DATA TO USE: Begin
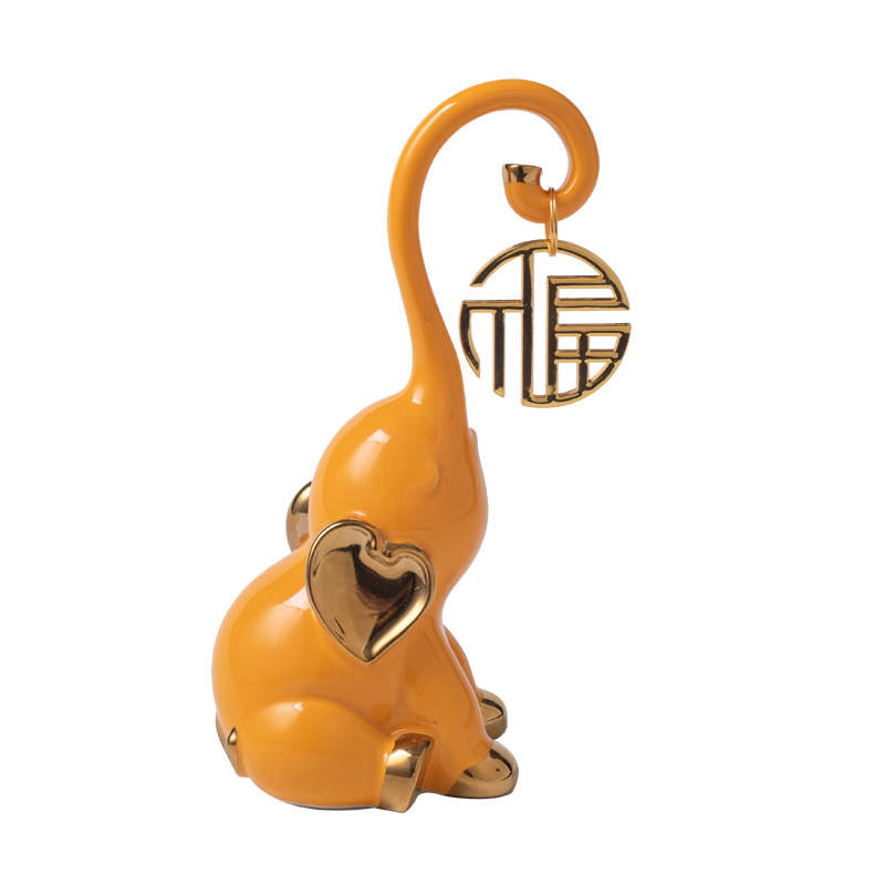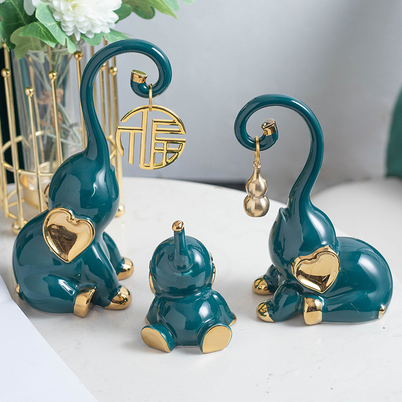 陶瓷轻奢一家三口福禄大象家居饰品客厅酒柜玄关乔迁礼物装饰摆件
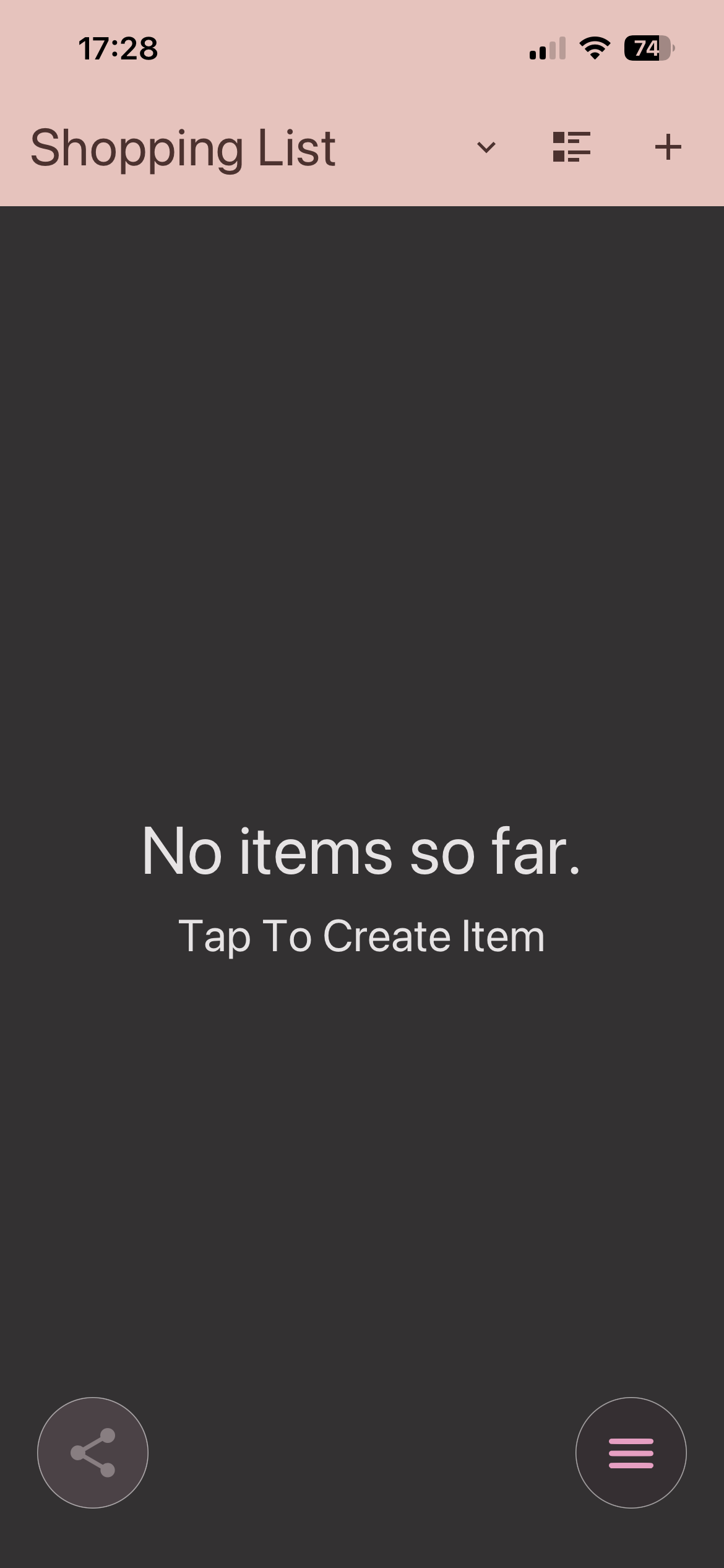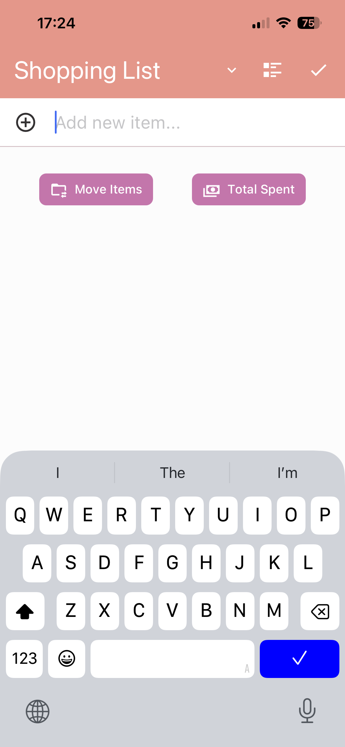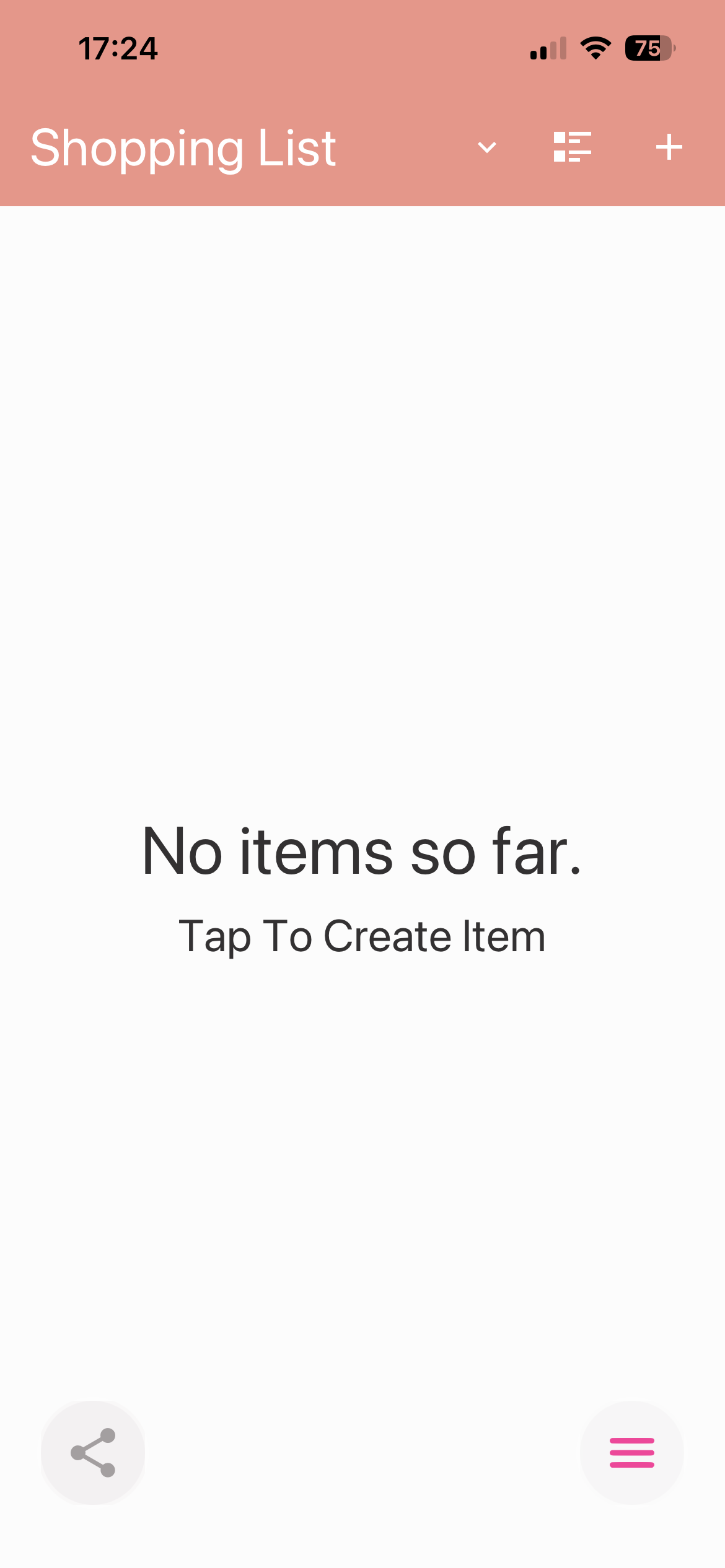 - 2. Your First List: You'll land right on your default empty "Shopping List". Simply tap anywhere on the empty screen or use the '+' icon to start adding items.
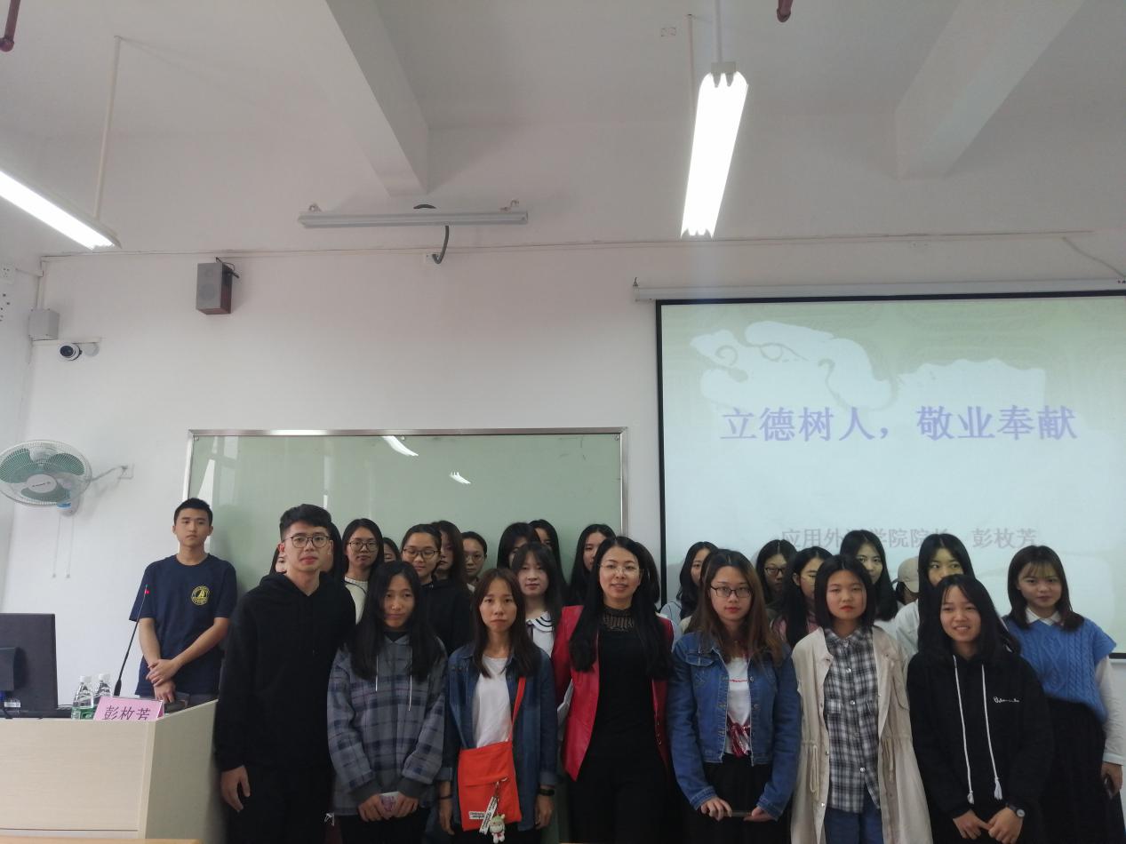 为响应广东省教育厅《关于做好2019年春季学期高校第一堂思想政治理论课工作的通知》318日,应用外语学院党总支副书记、院长彭枚芳讲的思想政治理论第一课“立德树人,敬业奉献”在明德楼一区505正式开讲。全体积极分子及发展对象参加了此次学习。
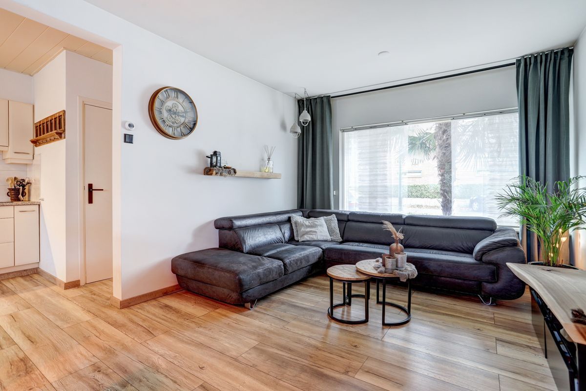 Bij binnenkomst in de leefruimte valt het direct op: de woonkamer en keuken staan in open verbinding met elkaar, wat zorgt voor een prettig gevoel van ruimte en vrijheid. Dankzij de grote raampartijen aan zowel de voor (met rolluik)- als achterzijde valt het daglicht rijkelijk naar binnen, wat bijdraagt aan een lichte en uitnodigende sfeer.
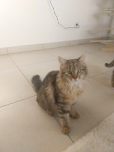 Je dévore la pâtée dès qu’on m’en donne et les caresses sont apprécies à ce moment-là. J’aime beaucoup faire la sieste sur mon arbre a chat, perchée, j’adore également de pouvoir surveiller mon environnement
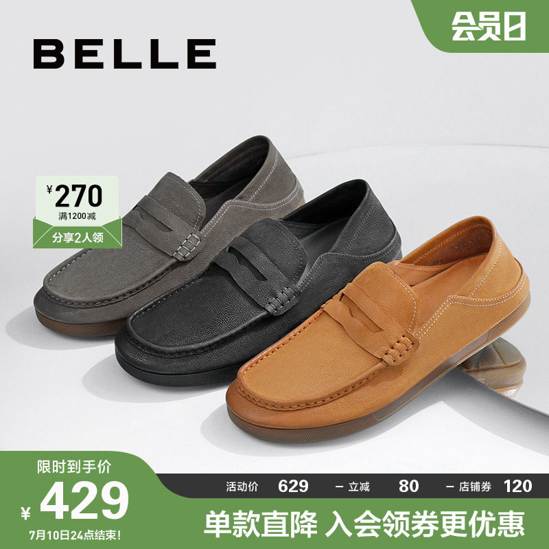 券 60元销量50百丽男鞋乐福鞋男2024新款牛皮一脚蹬休闲皮鞋软底豆豆鞋A1382AM4
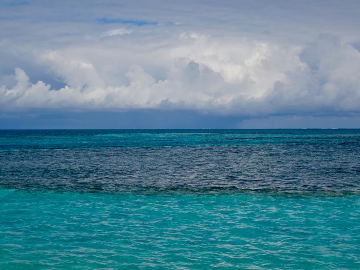 Le fond de l’air est tiède mais le vent souffle, donc clairement le temps n’est pas aux mini shorts (merci la tempête polaire au nord des USA) par contre le soleil brille de mille feux et l’eau turquoise est à 24 degrés quand même.
DATA TO USE: End
- **EXERCISE**: Take the lines above starting at the one containing "Je dévore la" and ending at the one containing "券 60元销量50百丽男鞋乐", and print them again exactly, without pictures.

- **ANSWER SPACE**:
 Je dévore la pâtée dès qu’on m’en donne et les caresses sont apprécies à ce moment-là. J’aime beaucoup faire la sieste sur mon arbre a chat, perchée, j’adore également de pouvoir surveiller mon environnement
 券 60元销量50百丽男鞋乐福鞋男2024新款牛皮一脚蹬休闲皮鞋软底豆豆鞋A1382AM4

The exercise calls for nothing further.